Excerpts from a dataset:
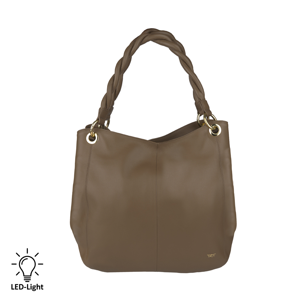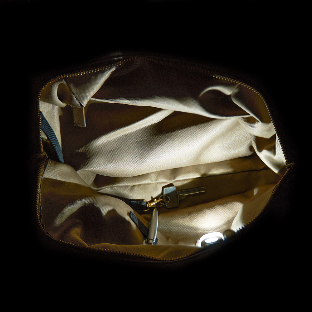 2 Tragegriffe, 1 Trageriemen, abnehmbar, 1 Hauptfach m. RV + 2 große Nebenfächer mit Magnetknopf, 1 Schlüssel-Band mit Karabiner, 1 LED-Licht Halterung, 2 Kugelschreiber-Schlaufen, elastisch, 1 Reissverschlussfach, 1 Handyfach, LED-Licht nicht enthalten
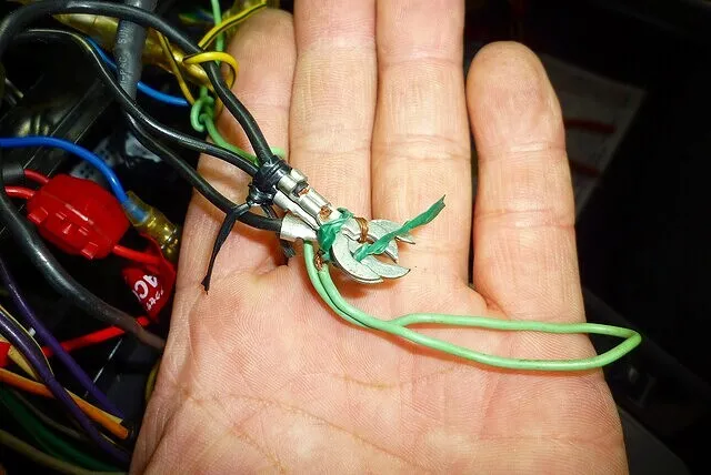 車両の黒い純正配線に後付け電装品のアースをつないであるクルマもあった。
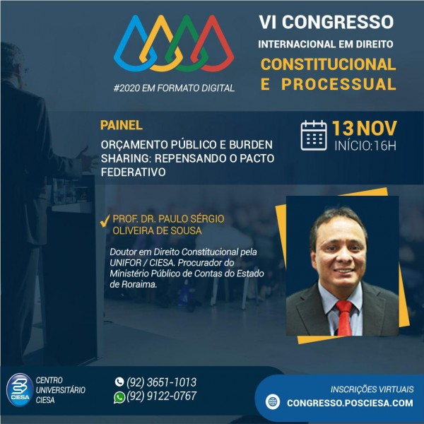 O procurador do Ministério Público de Contas de Roraima (MPCRR), Paulo Sérgio Oliveira de Sousa, irá participar como palestrante no VI Congresso Internacional em Direito Constitucional e Processual. O evento será promovido pelo Centro Universitário Ciesa, na próxima sexta-feira (13/11), às 15h (horário de Boa Vista), por meio de plataforma digital.
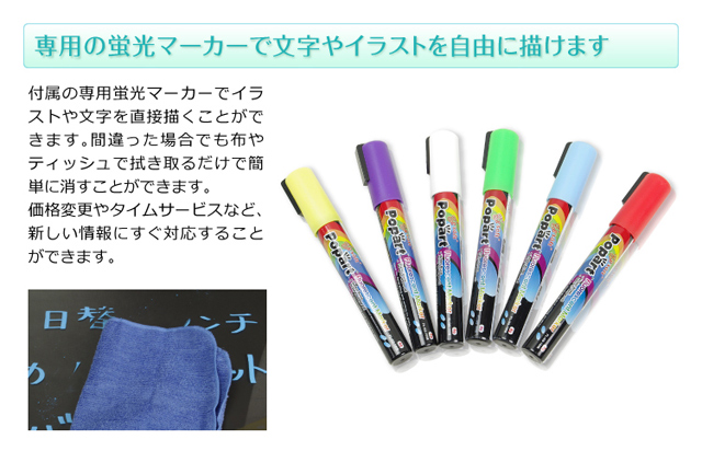 - 間違っても布やティッシュで擦るだけで簡単に消すことができます。文字の書き換えも簡単で何度でも書き可能です。店舗のウェルカムボードやメニューボード、クリスマスパーティーやお誕生日会にいかがでしょうか?
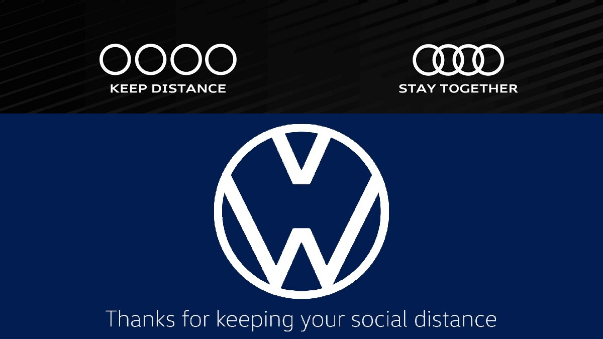 아우디, 폭스바겐, 벤츠 등 글로벌 자동차 브랜드도 자신의 로고를 활용해 사회적 거리두기 캠페인에 동참하는 센스를 발휘하고 있다.
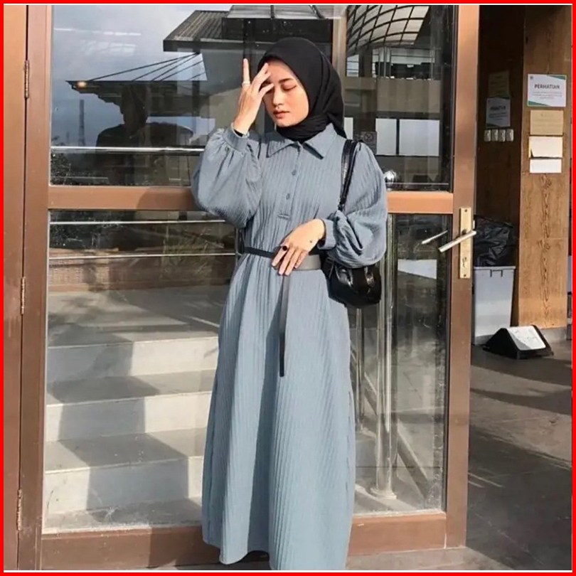 Am - Kirana Dress Gamis Oversize Wanita Free Tali Pinggang Knit Hornet Premium 572-7450
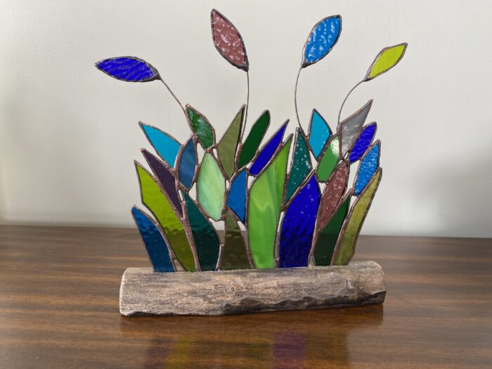 Falling Leaves Panel Inlaid on Driftwood Base – Blues, Plum & Greens     Â
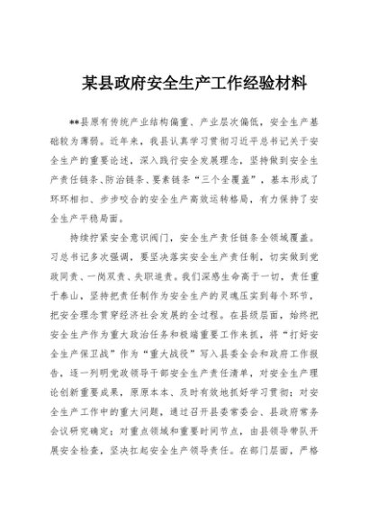 / 【七哥公文】2025年:某县政府安全生产工作经验材料+更多免费公文+VX:QiGeGongWen2024
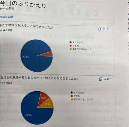 本日のふりかえりを行うと、「自分の考えを伝えることができましたか?」は、94.7%でしたが、「友達の意見や考えをしっかりと聞くことができましたか?」は、78.9%でした。同じぐらいになれば良いのですが、人の意見を聞き、自分の意見と比べることができるようになってほしいです。
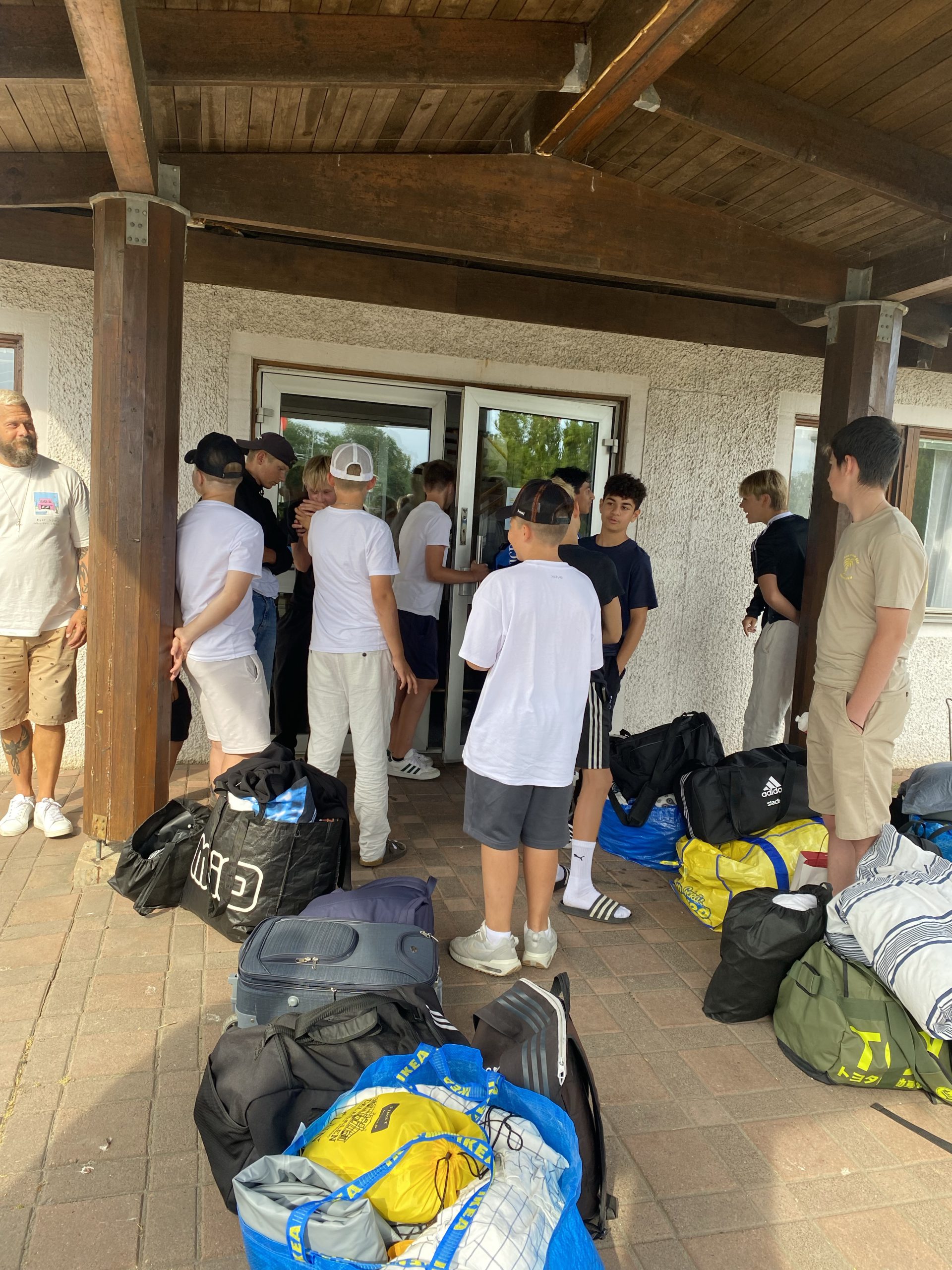 Här väntade se på att få ”checka in” med sin packning till Katedralskolan. Det var IKEA-påsar och luftmadrasser var man än tittade. Så härligt på något sätt! Förväntansfulla killar som var riktigt laddade för en helg med fotboll.
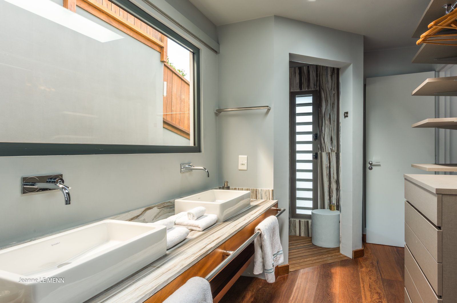 There are two master bedrooms, one on each side of this common area. Each has a European king-size bed and an ensuite bathroom with a shower. The smaller third bedroom is connected to one of these master bedrooms and has a queen-size bed.
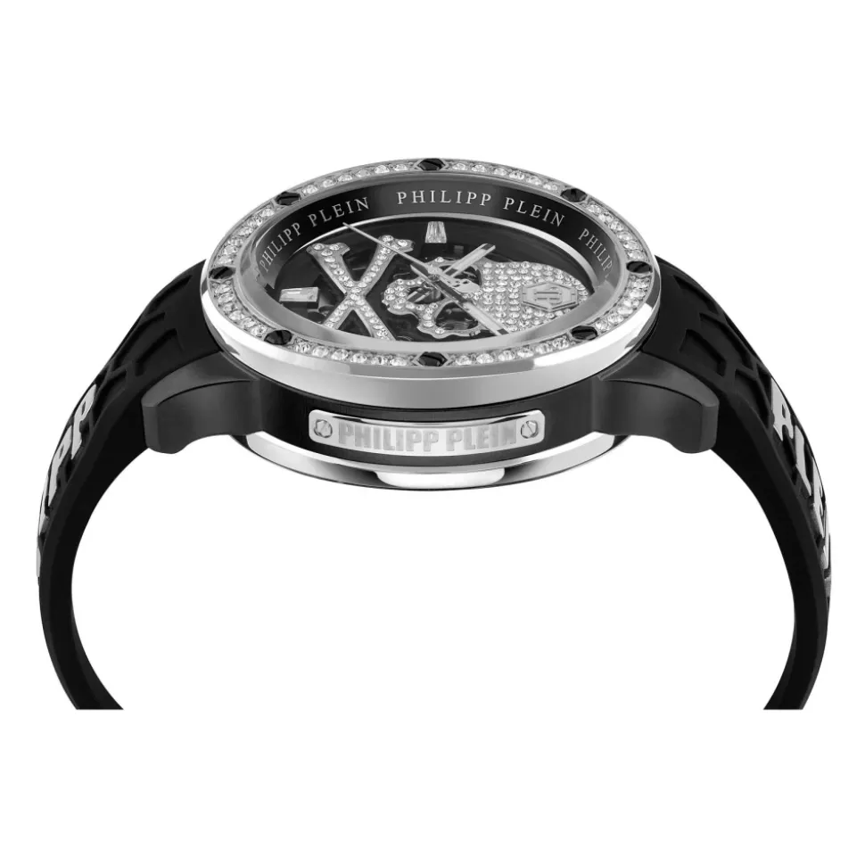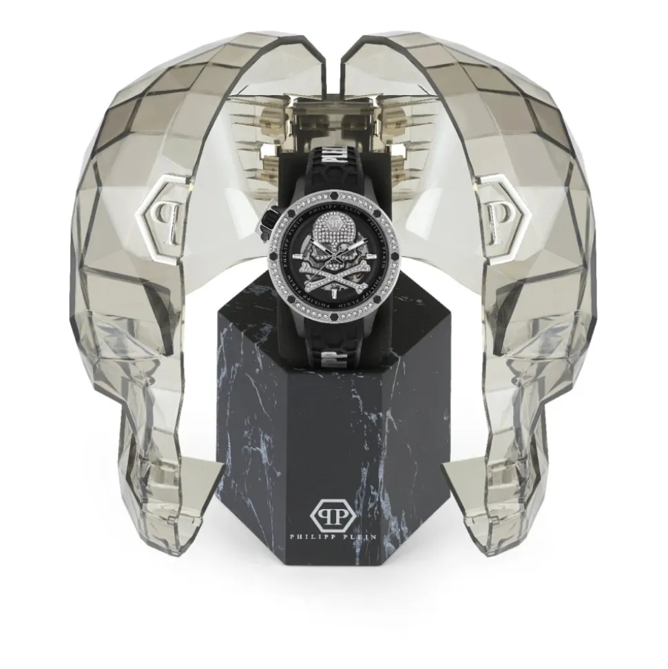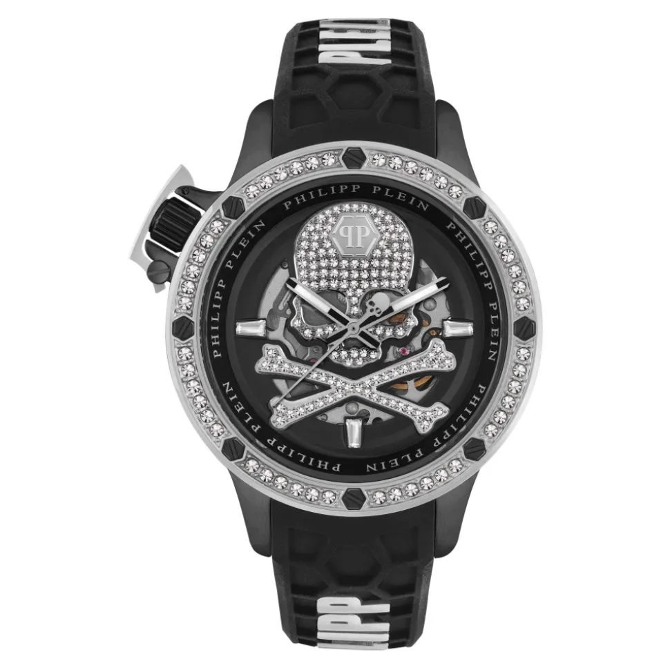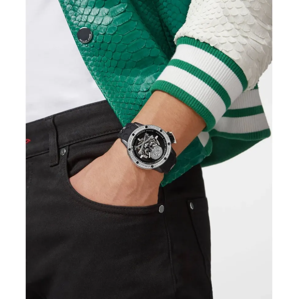 Opgrader din accessoriesamling med Philipp Plein Plein Rich 46mm Uret, et markant stykke med en slående sort IP-kasse og en sølvfarvet urskive. Produkt detaljer: Sort | Sølv | Rustfrit stål | Vandtæt op til 5 ATM | Automatisk urværk | Sort silikonerem | Bezel prydet med 189 krystaller | Kraniummotiv på urskiven | Sammensætning og pleje: Rustfrit stål | Silikone | Aftør med en blød klud.
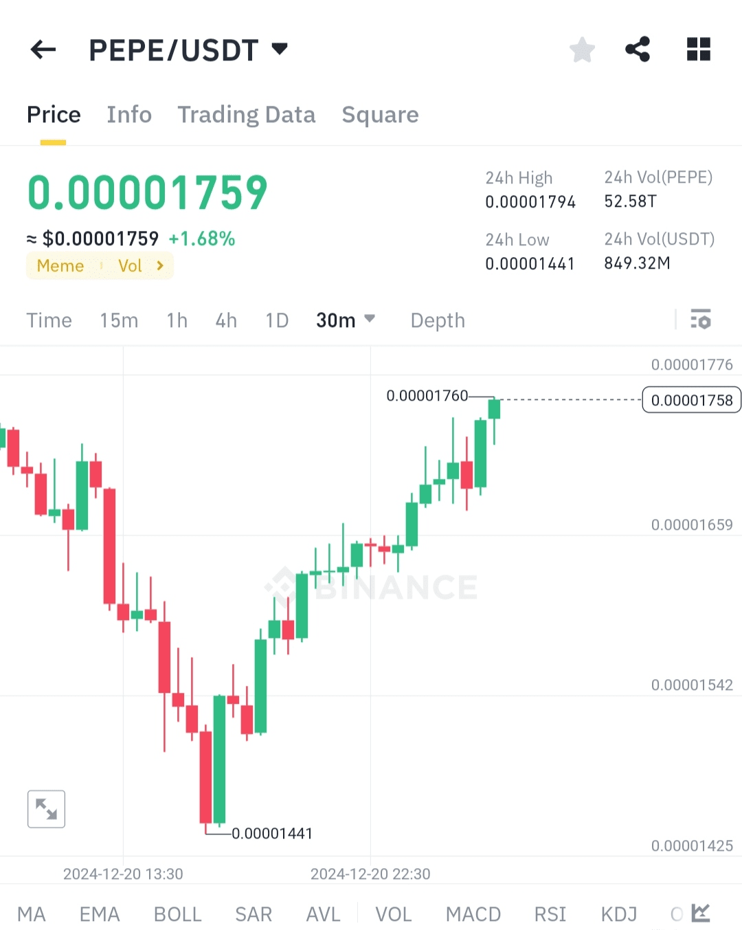 🐸$PEPE a prezentat un impuls moderat ascendent, tranzacționându-se în prezent la 0,00001746 USD, în ușoară creștere cu 0,81%. După ce a revenit la nivelul minim de 24 de ore de 0,00001441 USD, se îndreaptă către o zonă cheie de rezistență, semnalând o potențială volatilitate.
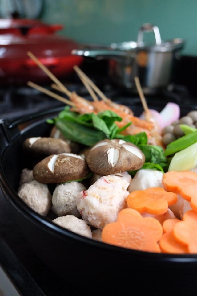 Put the stove at the center of the table. Fill the shabu-shabu
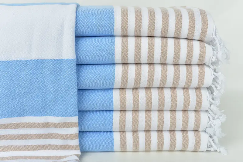 Beach Towel Custom Baby Blue-Beige Striped, Turkish Cotton, 40x71 Inches
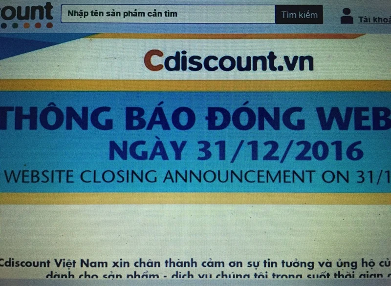 Trang thương mại điện tử Cdiscount.vn thông báo sẽ đóng cửa từ ngày 31-12-2016.
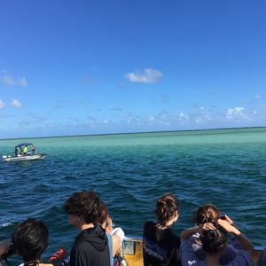 快晴の中サンドバーへ。この時期は水位が腰位まであり、テレビで見るような砂の上を歩くことはできませんでした。その分シュノーケルではカラフルな魚やウミガメと一緒に泳ぐことが出来、大いに盛り上がりました。

- Task to carry out
Using the data above, print only the lines starting at the one with "Falling Leaves Panel" and ending at the one with "Här väntade se", exactly as they stand, minus the pictures.

- Written reply
 Falling Leaves Panel Inlaid on Driftwood Base – Blues, Plum & Greens     Â
 / 【七哥公文】2025年:某县政府安全生产工作经验材料+更多免费公文+VX:QiGeGongWen2024
 本日のふりかえりを行うと、「自分の考えを伝えることができましたか?」は、94.7%でしたが、「友達の意見や考えをしっかりと聞くことができましたか?」は、78.9%でした。同じぐらいになれば良いのですが、人の意見を聞き、自分の意見と比べることができるようになってほしいです。
 Här väntade se på att få ”checka in” med sin packning till Katedralskolan. Det var IKEA-påsar och luftmadrasser var man än tittade. Så härligt på något sätt! Förväntansfulla killar som var riktigt laddade för en helg med fotboll.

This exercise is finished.